Some of this is blame-shifting. Deeds has made plenty of mistakes that can’t be attributed to the national political environment, including a tendency to make policy proposals that would leave blank space on a note card. But Deeds is correct to complain that “what’s going on in Washington” (translation: the ambitious liberalism of national Democrats) and “the spending” (translation: President Obama’s stimulus package and other expensive plans) and “the noise” (translation: debates on the role of government that Obama has provoked) have undermined the candidate’s appeal in a center-right state. In recent polling, Congress has an approval rating of 21 percent — 10 points lower than the approval rating of Gov. Mark Sanford of South Carolina. Deeds is running while carrying the burden of a Democratic Congress — and the increasingly heavy burden of Obama.
The Virginia race does not merely reflect national trends; it will help determine those trends. The November election may come at a key moment in the health-care debate, just as conservative Democrats are being asked to take a political risk in support of Obama and reform. A Democratic loss in Virginia would send a message: The risk is greater than you think.
Both Deeds and Obama are now in a difficult political position. At a recent forum, Deeds refused to identify himself as an Obama Democrat — hardly flattering to the president. And Obama seems reluctant to be identified as a Deeds Democrat, having campaigned in the state only once, two months ago. Either Obama realizes that his high-profile involvement would undermine Deeds, or the president doesn’t want to squander his credibility on a losing campaign. Neither explanation is good for Democrats.
In this environment, Deeds — a supporter of gun rights who opposed partial-birth abortion — did what desperate Democrats often do. He attacked his opponent’s social conservatism. Bob McDonnell provided an opening with his graduate school thesis, which argued that the two-parent family is superior to “cohabitators, homosexuals or fornicators.” It was difficult for McDonnell to dismiss this formulation as the youthful excess of a 34-year-old. And no politician can afford to alienate the fornicator vote.
After the thesis came to light in late August, the race tightened. But for Deeds’s Democratic campaign consultants — drawn to culture-war controversy as though it were catnip, laced with meth, coated in cocaine — the temptation to overreach was just too much. Realizing the thesis alone was not enough to turn the race, the Deeds campaign asserted it was the “blueprint” for McDonnell’s whole legislative career. Commercials asserted that McDonnell opposed contraception for married couples and insurance coverage for mammograms — charges entirely without merit. Whatever his social views, McDonnell was a pragmatic legislator and attorney general, not an ideological rabble-rouser.

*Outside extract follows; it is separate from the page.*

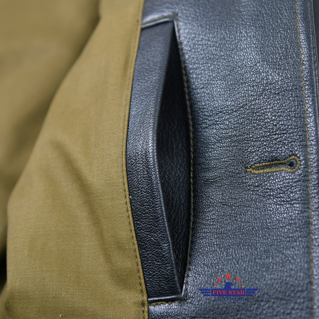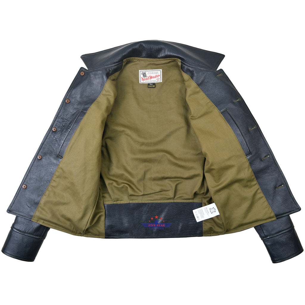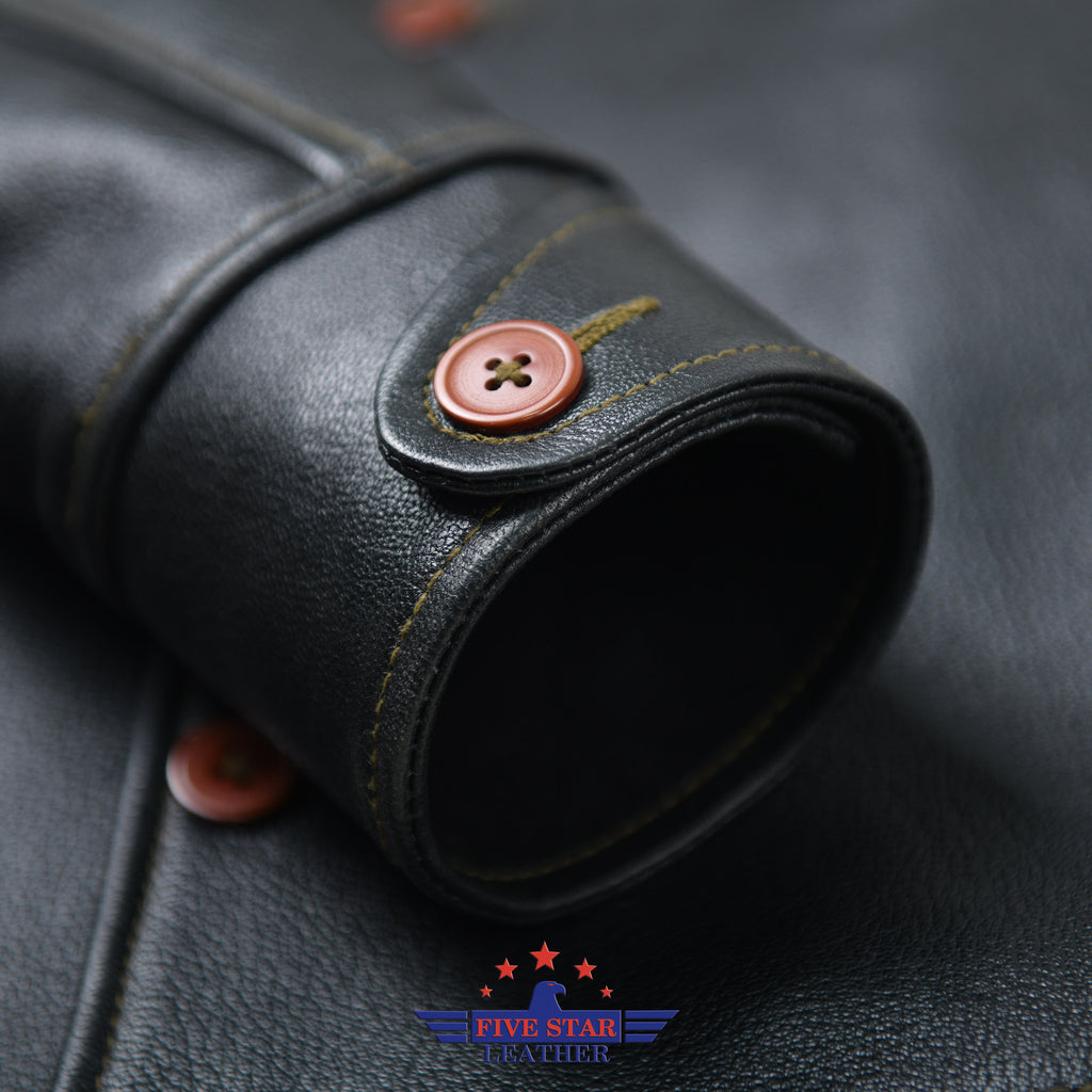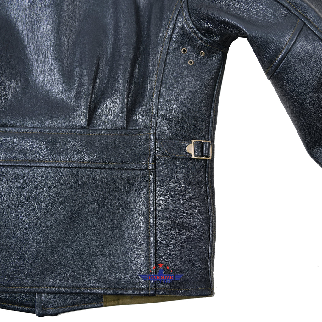 FiveStar Leather Half Belt Goat Leather Black Jacket

A backlash is building. At a Sept. 17 forum of Northern Virginia business leaders, Deeds’s repeated mentions of the McDonnell thesis were eventually met, according to one reporter, with audible “groans from some in the crowd.” Virginia newspapers are in broad revolt against Deeds’s tactics, employing descriptions such as “flatly dishonest,” “below-the-belt and beyond-the-pale” and “disingenuous and deceitful.” Some editorialists have taken to calling the Democratic candidate “Dirty Deeds” — the kind of schoolyard nickname we hated as children precisely because it stuck. One poll — which showed the race nearly even in mid-September — showed Deeds trailing by nine points two weeks later. A Washington Post poll published Thursday also showed McDonnell nine points ahead.

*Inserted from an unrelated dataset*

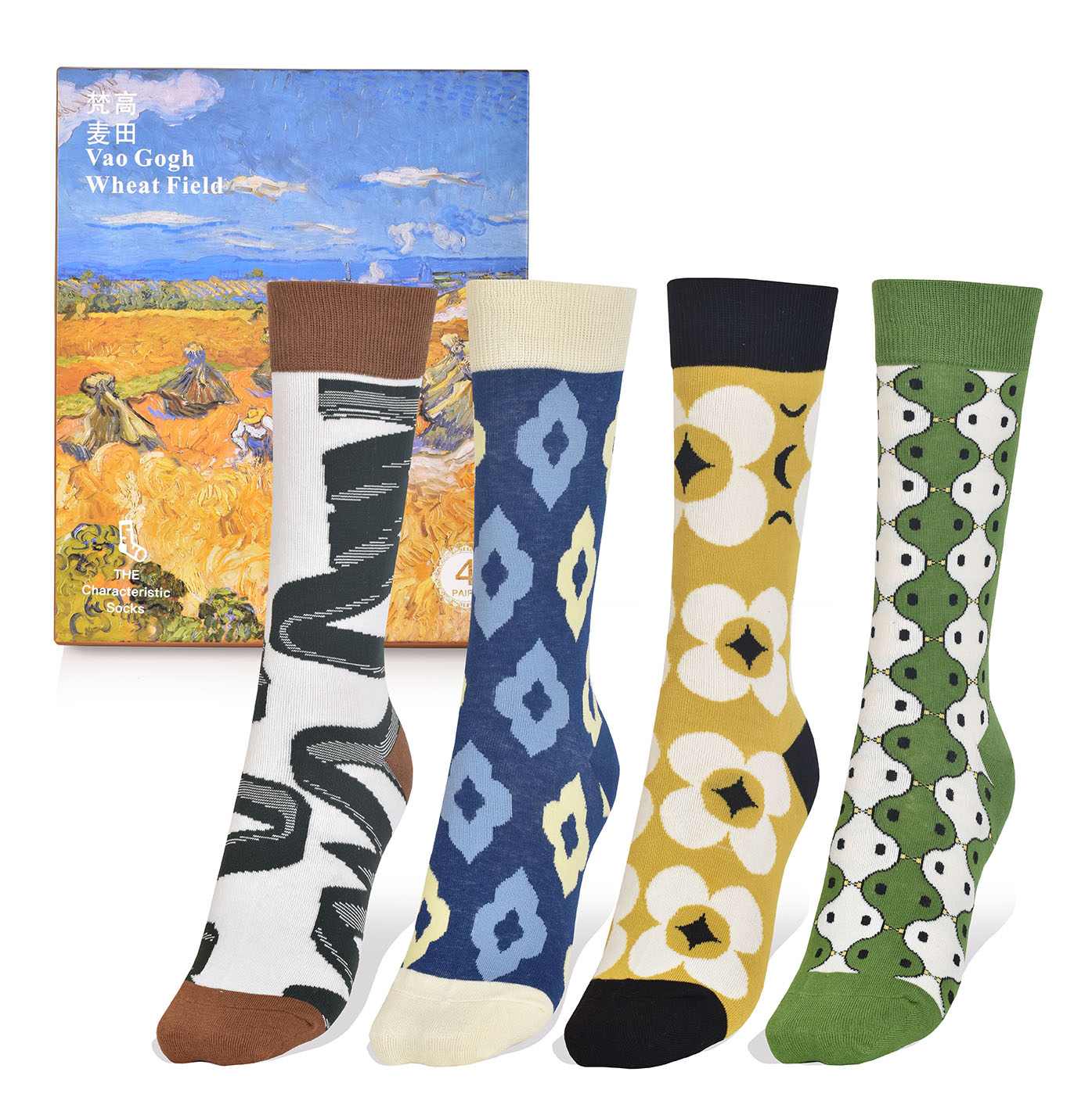 Medias de Van Gogh, Campos de Trigo con Cipreses, en Caja de 4 Pares.

What lesson can Democrats draw? Clearly, Deeds misjudged the political environment. In a recent poll, the number of Virginians who cited the McDonnell thesis as their most important issue was less than 1 percent. McDonnell talks about jobs and transportation. Deeds talks about McDonnell’s social views. No Virginia Democrat would have picked such a strategy before the campaign began.
But maybe the lesson is even more disturbing for Democrats. In Virginia, neither Obama’s charm nor culture-war attacks seem to be working. Maybe, because of “what’s going on in Washington,” nothing will work.